Он направился к другой кровати. Малыш Маньяни крепко спал. За ночь число дыханий стабилизировалось по мере того, как легкое очищалось, расширялось я стало нормально функционировать. Кризис миновал.
Узнаешь ты когда-нибудь, что мы для тебя сделали? — подумал Деон. Поймешь когда-нибудь, с какой решимостью мы боролись за то, чтобы ты жил? Наверное, нет. А если и да, может, еще и проклянешь нас за то, что сумели оставить тебя в живых: черного ребенка в стране белых…
— А сколько кислорода вы ему даете? Пятьдесят процентов?
— Да, профессор.
— Можете постепенно снижать давление. К вечеру попросите Тома удалить трубку из гортани. До завтрашнего утра, думаю, мы оставим его здесь.
— Хорошо, профессор.
— А пациентка Робби? Как она?
— Перевели в общую палату.
— Прекрасно. Я поговорю с родителями Мариетт, потом заглянем в палаты.

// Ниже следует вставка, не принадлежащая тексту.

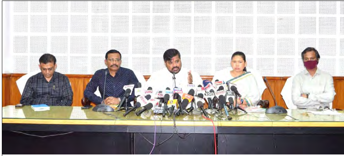
Tripura cabinet spokesperson aser Information & Cultural Affairs (ICA) minister Sushanta Chowdhury-i (Tiyong) Bodbarnü osangbener den jembidang tangokba noksa nung angur.

Agartala, March 9, 2022 (Agencies): Tripura sorkari tetsürtem tashi itdaksütsü atema 2022-23 financial year nung Rs 400 Crores endoktsü.
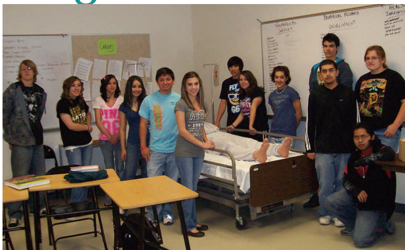
Students from high school healthcare career pathways.

Providing a diverse approach which includes on-line pre-requisites for nursing, vocational courses consisting of basic residential wiring, welding cabinet making, mass media and other courses to enrich the educational delivery in the area has proven to help students prepare for the changing work environment or planning which a four-year institution will best serve their educational and
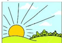
buenos días (good morning)
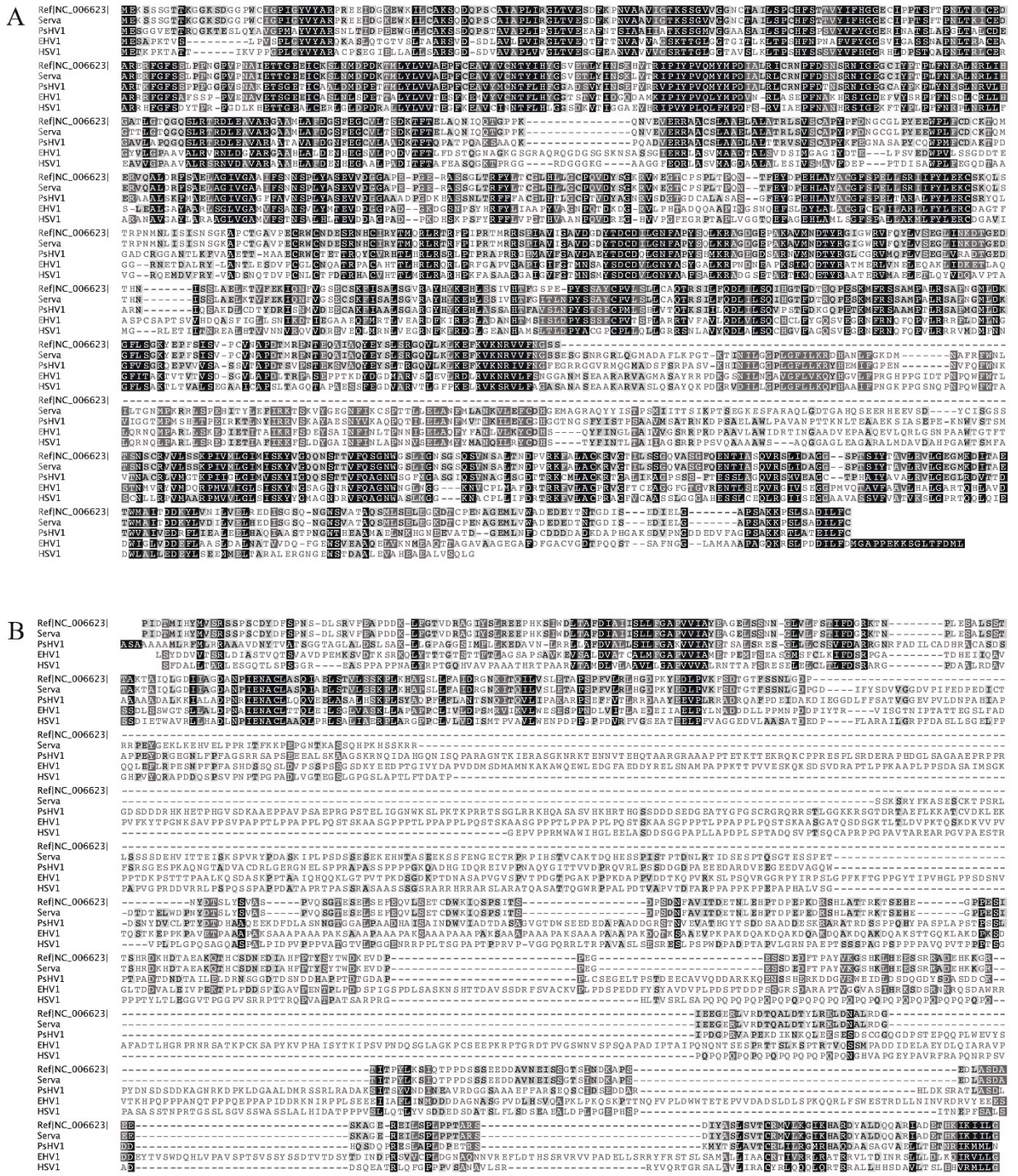
Figure 2 Amino acid alignment of predicted translation products of homologous genes from the Serva ILTV strain, the concatenated ILTV reference sequence and other alphaherpesviruses. (A) UL29 gene product. (B) C terminal part of the UL36 gene product. Black boxes indicate 100% identity, dark grey boxes indicate 80-99% identity and pale grey boxes indicate 60-79% identity. Dashes indicate single amino acid gaps in sequence alignments. Alignments were performed using Clustal W version 2.0. The Blossum62 matrix was used to score sequence alignments.
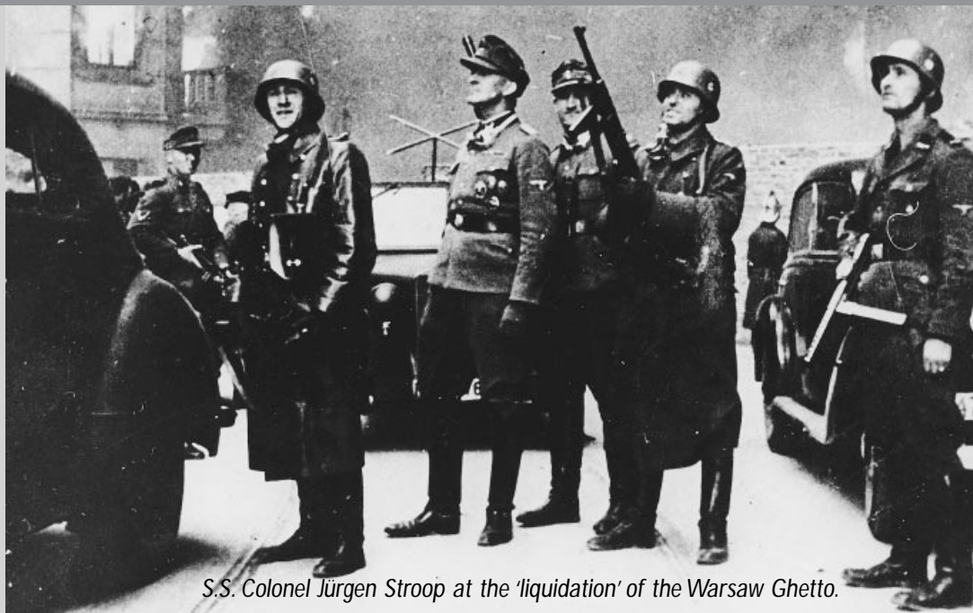
S.S. Colonel Jürgen Stroop at the 'liquidation' of the Warsaw Ghetto.
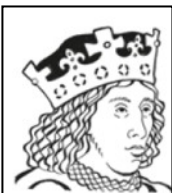
EDWARD IV 1471-1483

France and Burgundy played critical roles in these events. They were acting in their own interests, hoping to win English support, not acting out of loyalty to Henry or Edward.
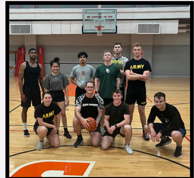
Both teams after the finals

The Cadet Intramural League (CIL) program was developed to build cohesion outside of normal ROTC activities and changes every semester based on the sports preferences of the Cadets. This year they selected basketball and after a semester long season and the playoffs concluded, we were left with two finalists – Dunkin’ Donuts and JumpTeam6. Competing in front of the whole battalion Dunkin’ Donuts came out on top as this semester’s CIL Champions. Congratulations to all the teams that participated and to the top two teams who received scholarships for their hard work and dedication! We look forward to seeing what the Cadets select for next semester and who will be crowned the champion!
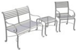
Side Table + 1 Carver Chair & 2 Seat Back Bench ODL-150
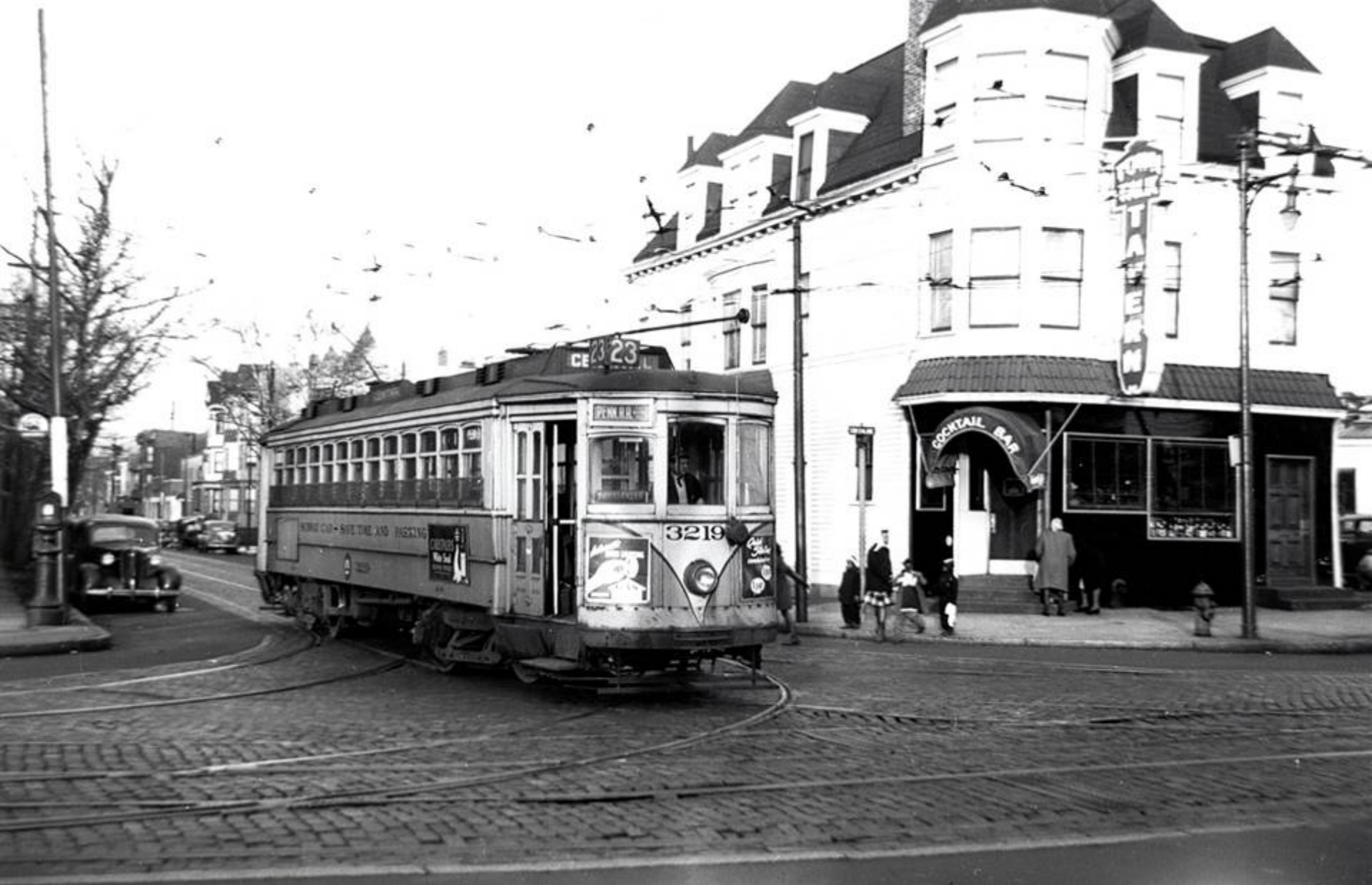
PSNJ 3219 South 14 th St Central Ave. Newark, NJ December 11, 1947 – Definitely Central Ave (can see street sign), but if this is 14th St - none of those buildings exist now.

Ван Рина не было, а родители девочки стояли рядом у окна. Едва Деон вышел, Джуберт повернулся к нему. Вот оно! — подумал Деон. Накануне вечером он только обрадовался бы и ринулся бы в драку с яростным наслаждением, но теперь ситуация изменилась: малыш Маньяни был вне опасности, и у Мариетт все шло хорошо. В нем не осталось ни гнева, ни ожесточения.
— Доктор ван дер Риет, — сказал Джуберт.
Деон ждал, что последует дальше.
— Спасибо за все, что вы сделали для нашего ребенка, — сказал член парламента от националистической партии и будущий член кабинета министров. — Она будет здорова?
— Дела у нее идут отлично, — ответил Деон и улыбнулся, удивившись, что это не стоило ему никаких усилий. — Сначала возникли кое-какие трудности. Пришлось подключить ее сердце к водителю ритма. Но сейчас оно работает самостоятельно.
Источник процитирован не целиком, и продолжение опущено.